In lieu of having anything interesting to say, here's the latest installment of my attempt to get a correction (of Dworkin on Bentham on rights) printed in the Guardian. I got no reply to my original email, so re-sent it today with the following message:
Dear Readers' Editor
I sent the email below eight days ago, and am re-sending it, in case it was not seen, as I've heard nothing back nor seen any correction published. I still think the two issues I raised are valid. Assuming that my email was read: had the writer been one of your journalists, I'm thinking that a correction/clarification might have appeared by now. Which is to say, not having heard from you, I suspect that the writer being the Bentham professor at UCL might have complicated the matter. If so, that would be understandable, but surely it would make the need for a correction, of some sort, even greater (as readers might reasonably expect an accurate representation of Bentham's thought from someone writing in the Guardian as the Bentham professor of law)?

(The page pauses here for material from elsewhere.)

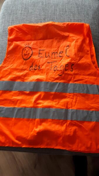 gekürt. Dieser durfte dann die nächsten 24 Stunden eine orange Warnweste, mit der Aufschrift: „Eumel des Tages“ tragen. Dabei wurde von den witzigsten Ereignissen aus
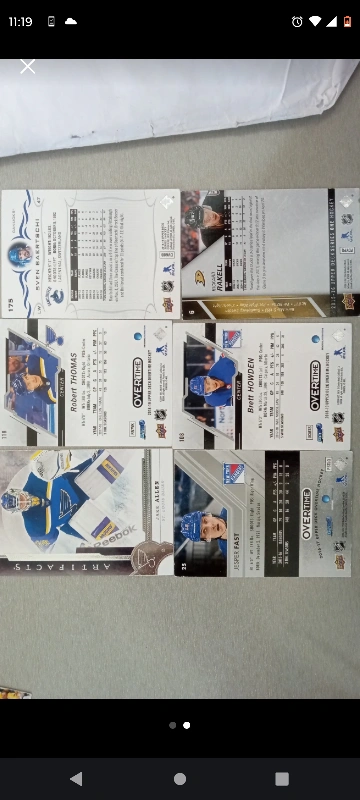 I'm selling a collection of hockey trading cards, featuring players from various teams. These cards are from Upper Deck Artifacts and other series. Great for any hockey fan or collector!

I'm looking forward to a reply, to which I claim an inalienable right. (In it, please don't tell me I was the only one to raise this issue. Please tell me I was just one of many readers who contacted you.)
Yours,
I'm sort of enjoying this, except for the lack of a response. If I still get no reply, then it's on to the ombudsman! And I'm tempted to contact the Dean of Laws at UCL - because, by awarding Ronald Dworkin the Bentham professorship, its most prestigious Chair, UCL has betrayed its own "spiritual father".